GUTTAE DAN INJEKSI
Guttae (Obat Tetes) Adalah sediaan cair berupa larutan, emulsi atau suspensi yang dimaksudkan untuk obat dalam atau obat luar, digunakan dengan cara meneteskan menggunakan penetes yang menghasilkan tetesan setara dengan tetesan yang dihasilkan penetes baku dalam F armakope Indonesia. Sediaan obat tetes dapat berupa: 1. Guttae (Obat Tetes) Apabila disebutkan tanpa penjelasan maka yang dimaksud obat tetes untuk obat dalam. Dapat digunakan dengan cara meneteskannya kedalam makanan atau minuman. 2. Guttae Oris (Tetes Mulut) Tetes mulut adalah obat tetes yang diperuntukkan untuk kumur-kumur, sebelum digunakan diencerkan lebih dulu dengan air dan tidak untu k ditelan. 3. Guttae Auriculares (Tetes Telinga) Tetes telinga adalah obat tetes yang digunakan dengan cara meneteskan obat ke dalam telinga. Bila tidak dinyatakan lain cairan pembawa yang digunakan adalah bukan air. Cairan pembawa yang digunakan harus mempunyai kekentalan yang sesuai agar obat mudah menempel pada dinding telinga, biasanya digunakan gliserin dan propilen glikol. Selain tersebut dapat pula digunakan etanol, heksilenglikol dan minyak lemak nabati. Bila sediaan berupa suspensi sebagai zat pensuspensi digunakan sorbitan, polisorbat atau surfaktan lain yang cocok. Kecuali dinyatakan dinyatakan lain pH tetes telinga adalah 5,0-6,0 dan disimpan dalam wadah tertutup rapat. 4. Guttae Nasales (Tetes Hidung) Tetes hidung adalah obat bebas yang digunakan dengan cara meneteskan obat ke dalam rongga hidung yang mengandung zat pensuspensi, pendapar dan pengawat. Sebagai cairan pembawa umumnya digunakan air. pH cairan pembawa antara 5,5-7,5 dengan kapasitas sedang, isotonis atau hampir isotonis. Cairan pembawa tidak boleh menggunakan minyak mineral atau minyak lemak. Sebagai zat pensuspensi biasanya digunakan sorbitan, polisorbat atau surfaktan lain yang cocok dengan kadar tidak lebih dari 0, 01% b/v. Zat pendapar digunakan zat yang cocok degan pH 6,5 dan dibuat isotonis dengan Natrii Chloridum. Zat pengawat yang digunakan umumnya Benzalkonium Chlorida 0,01% b/v – 0,1% b/v. Tetes hidung disimpan dalam wadah tertutup rapat. Penyimpanan : kecuali dinyatakan lain, disimpan dalam wadah tertutup rapat. 5. Guttae Ophthalmicae (Tetes Mata) Tetes mata adalah sediaan steril berupa larutan atau suspensi yang digunakan de ngan cara meneteskan obat pada selaput lendir mata disekitar kelopak mata dan bola mata. Tetes mata berupa larutan jernih, bebas partikel asing, benang dan serat.

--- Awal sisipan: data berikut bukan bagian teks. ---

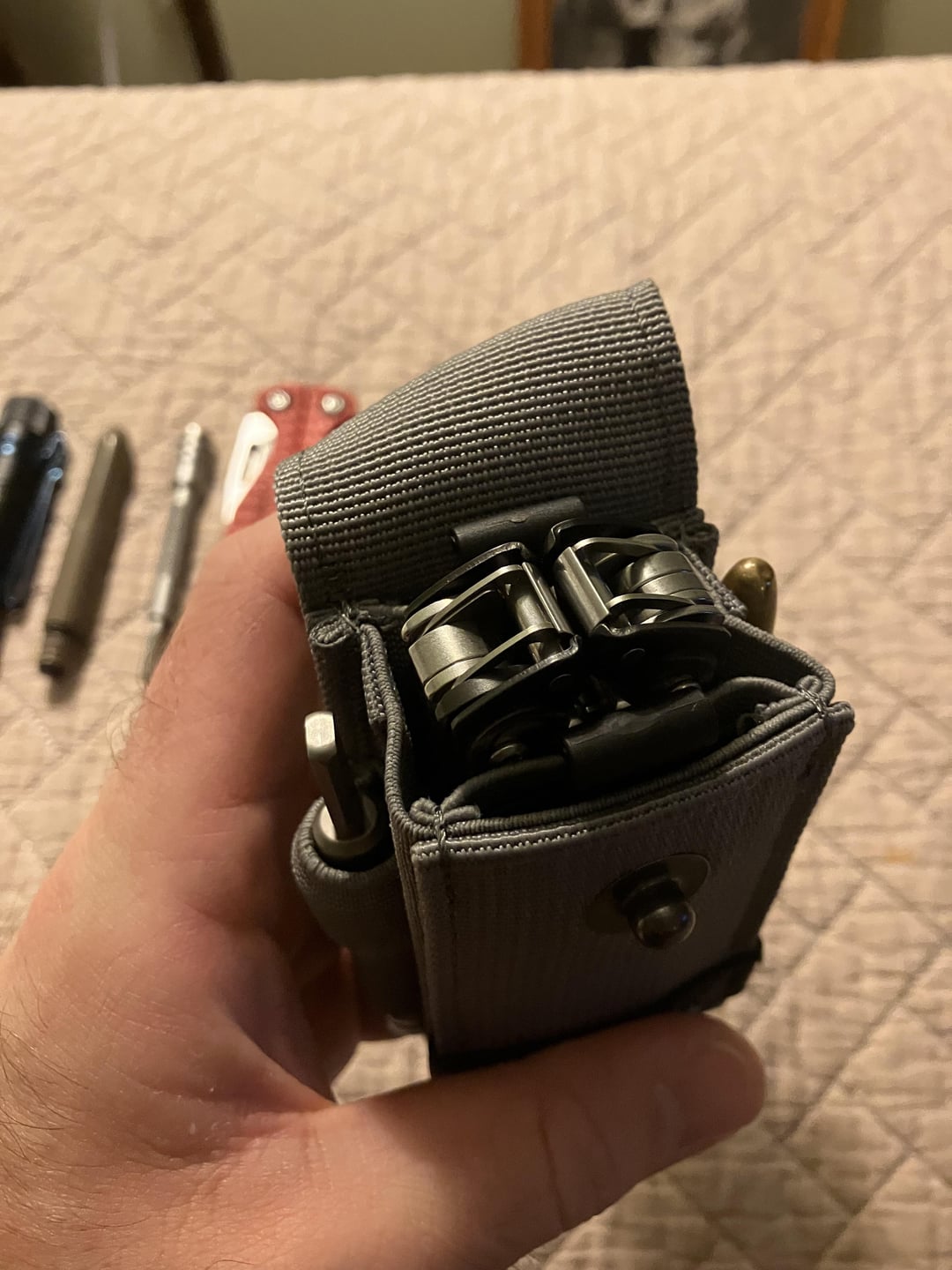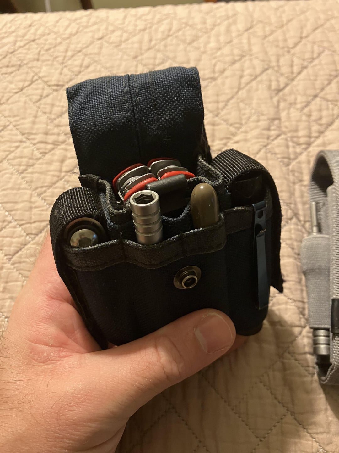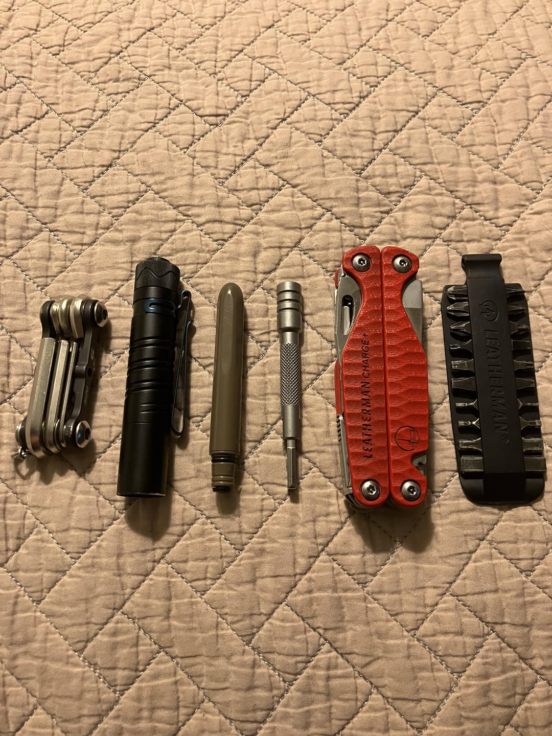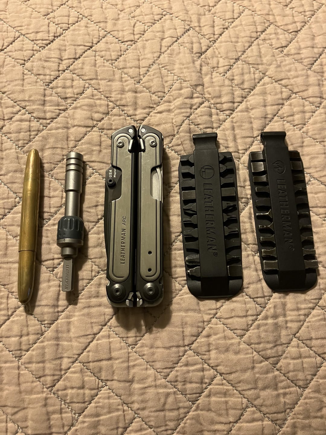 Carried the Charge in the Skinth once the original black nylon Leatherman holster wore out. I appreciated the extra pockets for the flashlight and mini metric hex key set, super useful as a bike mechanic. Once the new Leatherman sheath starts to wear out, I’ll probably just move the Arc into the Skinth. I don’t really need two bit sleeves, but the pockets are there and I don’t have anything else thin and flat to put in one.

Syarat-syarat obat tetes mata, yaitu: a) Steril b) Sedapat mungkin isohidris c) Sedapat mungkin isotonis Beberapa larutan pembawa yang digunakan untuk obat tetes mata, yaitu: a) Pembawa asam borat b) Pembawa asam borat khusus c) Pembawa fosfat isotonik Penyimpanan : Dalam wadah kaca atau plastik tertutup kedap, volume 10 ml yang dilengkapi dengan penetes. Penandaan : pada etiket harus tertera “Tidak boleh digunakan lebih dari satu bulan setelah tutup dibuka”.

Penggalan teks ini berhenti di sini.